#### [Data extract]
--*--

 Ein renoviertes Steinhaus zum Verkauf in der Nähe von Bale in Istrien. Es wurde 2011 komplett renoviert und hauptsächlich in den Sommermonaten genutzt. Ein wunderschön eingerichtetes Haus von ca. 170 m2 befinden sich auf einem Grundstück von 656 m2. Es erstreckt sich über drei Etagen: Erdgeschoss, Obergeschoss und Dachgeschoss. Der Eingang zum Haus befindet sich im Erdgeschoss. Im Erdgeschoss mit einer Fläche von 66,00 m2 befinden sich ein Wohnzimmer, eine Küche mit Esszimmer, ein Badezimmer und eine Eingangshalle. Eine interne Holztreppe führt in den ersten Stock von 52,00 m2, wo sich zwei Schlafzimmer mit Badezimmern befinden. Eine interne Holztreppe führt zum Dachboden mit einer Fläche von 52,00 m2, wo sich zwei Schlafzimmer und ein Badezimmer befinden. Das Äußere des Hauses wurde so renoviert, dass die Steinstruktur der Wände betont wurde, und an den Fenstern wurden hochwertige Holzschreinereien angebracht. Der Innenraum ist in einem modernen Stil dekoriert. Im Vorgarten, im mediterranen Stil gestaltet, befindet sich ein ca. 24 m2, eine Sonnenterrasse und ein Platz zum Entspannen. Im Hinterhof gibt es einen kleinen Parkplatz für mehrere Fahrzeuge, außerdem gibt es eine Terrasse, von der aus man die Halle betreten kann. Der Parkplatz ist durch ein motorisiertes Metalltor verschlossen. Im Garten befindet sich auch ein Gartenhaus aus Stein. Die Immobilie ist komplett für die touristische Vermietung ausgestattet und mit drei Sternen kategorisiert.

--*--

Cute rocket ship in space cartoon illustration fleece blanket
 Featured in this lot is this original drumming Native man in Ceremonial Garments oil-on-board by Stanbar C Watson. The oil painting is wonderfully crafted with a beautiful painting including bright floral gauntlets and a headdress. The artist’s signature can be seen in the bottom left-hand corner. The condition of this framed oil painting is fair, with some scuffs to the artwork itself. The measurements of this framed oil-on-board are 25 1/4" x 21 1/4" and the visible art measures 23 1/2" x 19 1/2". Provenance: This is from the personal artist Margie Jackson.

--*--

#### [Your goal]
The exact lines of the material above starting at the one that contains "Cute rocket ship" and ending at the one that contains "Featured in this" are what to retype; leave out everything else.

#### [Task output]
Cute rocket ship in space cartoon illustration fleece blanket
 Featured in this lot is this original drumming Native man in Ceremonial Garments oil-on-board by Stanbar C Watson. The oil painting is wonderfully crafted with a beautiful painting including bright floral gauntlets and a headdress. The artist’s signature can be seen in the bottom left-hand corner. The condition of this framed oil painting is fair, with some scuffs to the artwork itself. The measurements of this framed oil-on-board are 25 1/4" x 21 1/4" and the visible art measures 23 1/2" x 19 1/2". Provenance: This is from the personal artist Margie Jackson.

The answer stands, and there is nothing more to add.